* **Activity**
Give back exactly the lines of the data below, starting with the line that has "Get into a prone" and going on through the line that has "У результаті ДТП".

* **Given data**
= = = = =

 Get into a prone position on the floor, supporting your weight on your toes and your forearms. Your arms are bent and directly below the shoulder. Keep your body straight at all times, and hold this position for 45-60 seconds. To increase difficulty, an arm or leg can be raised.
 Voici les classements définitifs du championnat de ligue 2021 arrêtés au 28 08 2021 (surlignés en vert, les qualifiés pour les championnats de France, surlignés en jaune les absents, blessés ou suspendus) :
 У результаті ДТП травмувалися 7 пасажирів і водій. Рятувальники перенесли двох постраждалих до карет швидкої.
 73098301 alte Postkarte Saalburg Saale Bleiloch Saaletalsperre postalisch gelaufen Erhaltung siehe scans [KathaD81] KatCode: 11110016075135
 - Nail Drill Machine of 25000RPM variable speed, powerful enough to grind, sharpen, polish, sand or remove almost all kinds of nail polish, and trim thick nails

= = = = =

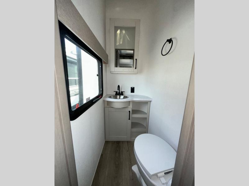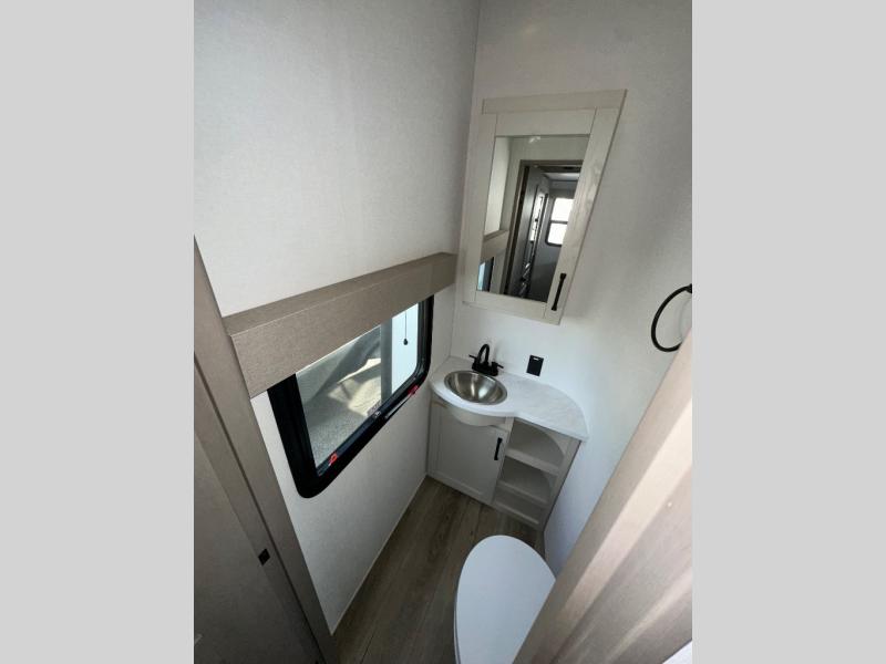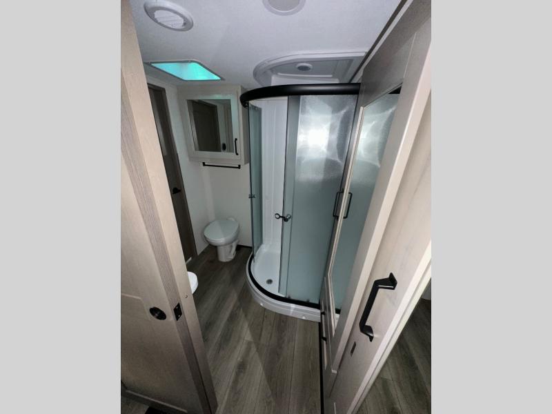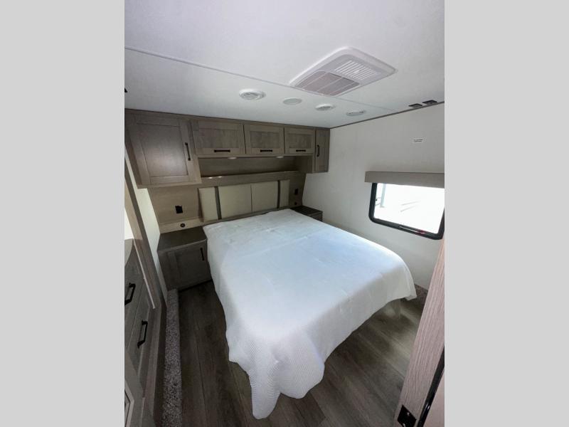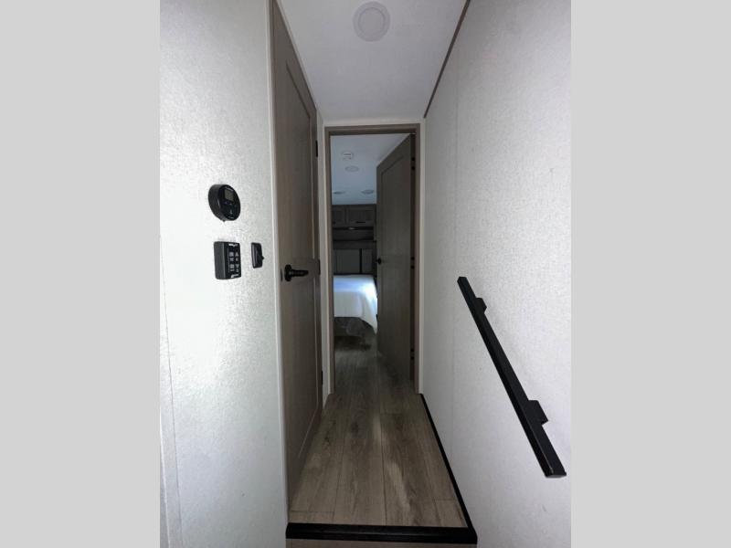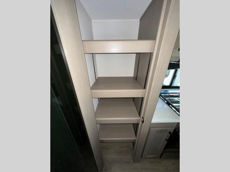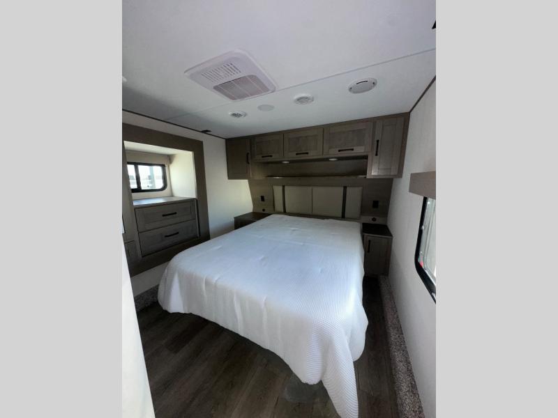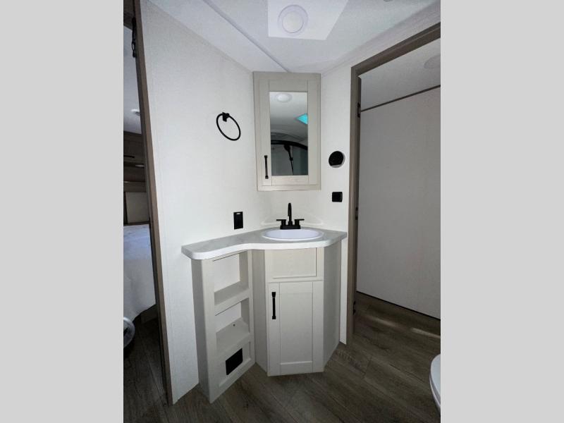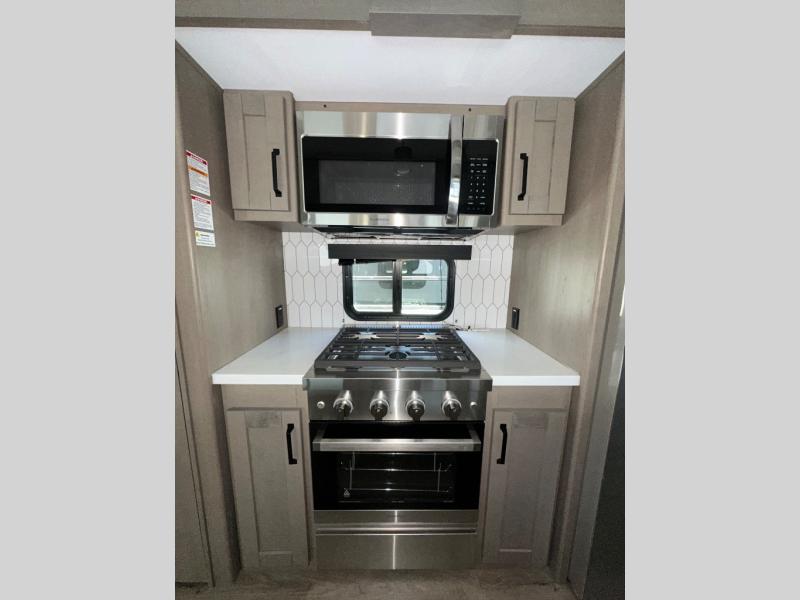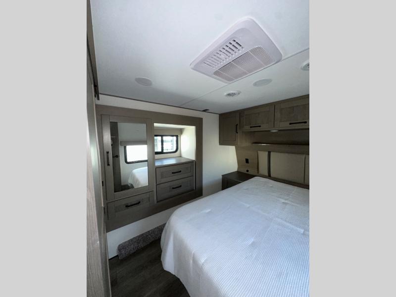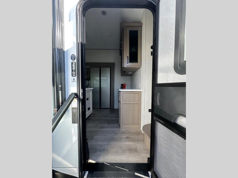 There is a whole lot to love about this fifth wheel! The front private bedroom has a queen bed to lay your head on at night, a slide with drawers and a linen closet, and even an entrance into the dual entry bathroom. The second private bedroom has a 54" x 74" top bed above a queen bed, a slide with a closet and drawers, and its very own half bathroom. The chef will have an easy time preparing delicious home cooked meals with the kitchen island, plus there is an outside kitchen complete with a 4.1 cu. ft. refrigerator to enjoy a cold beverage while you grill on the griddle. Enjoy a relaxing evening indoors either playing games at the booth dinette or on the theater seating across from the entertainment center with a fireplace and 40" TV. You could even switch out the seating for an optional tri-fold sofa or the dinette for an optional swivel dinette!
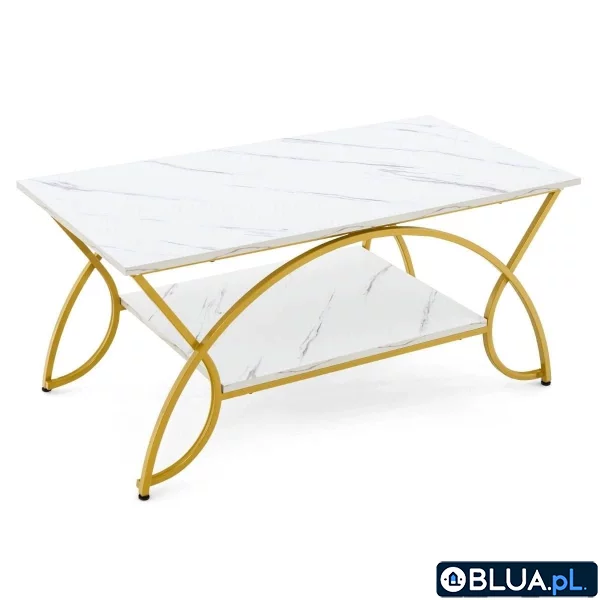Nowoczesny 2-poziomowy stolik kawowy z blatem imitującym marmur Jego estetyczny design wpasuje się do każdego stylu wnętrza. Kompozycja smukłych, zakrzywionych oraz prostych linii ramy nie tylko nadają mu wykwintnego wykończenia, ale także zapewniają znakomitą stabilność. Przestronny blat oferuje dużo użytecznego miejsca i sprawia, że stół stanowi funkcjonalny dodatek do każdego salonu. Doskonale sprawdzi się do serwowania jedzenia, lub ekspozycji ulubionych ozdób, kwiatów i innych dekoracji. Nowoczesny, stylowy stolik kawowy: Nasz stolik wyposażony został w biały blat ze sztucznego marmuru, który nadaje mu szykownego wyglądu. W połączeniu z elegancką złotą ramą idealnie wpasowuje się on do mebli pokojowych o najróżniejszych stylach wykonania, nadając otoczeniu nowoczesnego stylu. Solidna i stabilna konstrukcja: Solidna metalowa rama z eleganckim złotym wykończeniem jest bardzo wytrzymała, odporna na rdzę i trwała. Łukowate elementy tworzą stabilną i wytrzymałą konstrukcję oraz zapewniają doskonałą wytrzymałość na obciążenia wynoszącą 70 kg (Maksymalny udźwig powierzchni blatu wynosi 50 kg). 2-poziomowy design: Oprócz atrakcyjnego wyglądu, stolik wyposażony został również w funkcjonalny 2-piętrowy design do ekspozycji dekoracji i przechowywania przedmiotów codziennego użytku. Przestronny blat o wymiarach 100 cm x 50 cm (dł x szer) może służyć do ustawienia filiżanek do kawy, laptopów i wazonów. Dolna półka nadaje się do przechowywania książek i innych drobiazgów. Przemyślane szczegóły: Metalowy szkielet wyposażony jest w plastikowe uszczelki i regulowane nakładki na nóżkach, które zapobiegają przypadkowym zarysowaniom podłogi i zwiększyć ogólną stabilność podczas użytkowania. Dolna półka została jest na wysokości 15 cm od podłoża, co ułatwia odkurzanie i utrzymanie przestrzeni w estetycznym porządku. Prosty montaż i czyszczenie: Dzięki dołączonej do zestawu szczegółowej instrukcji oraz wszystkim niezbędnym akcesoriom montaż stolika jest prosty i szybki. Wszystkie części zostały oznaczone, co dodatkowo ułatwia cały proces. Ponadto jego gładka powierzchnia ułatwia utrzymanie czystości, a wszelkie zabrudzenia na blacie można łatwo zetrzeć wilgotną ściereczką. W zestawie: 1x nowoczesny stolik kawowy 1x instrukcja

= = = = =

* **Response box**
 Get into a prone position on the floor, supporting your weight on your toes and your forearms. Your arms are bent and directly below the shoulder. Keep your body straight at all times, and hold this position for 45-60 seconds. To increase difficulty, an arm or leg can be raised.
 Voici les classements définitifs du championnat de ligue 2021 arrêtés au 28 08 2021 (surlignés en vert, les qualifiés pour les championnats de France, surlignés en jaune les absents, blessés ou suspendus) :
 У результаті ДТП травмувалися 7 пасажирів і водій. Рятувальники перенесли двох постраждалих до карет швидкої.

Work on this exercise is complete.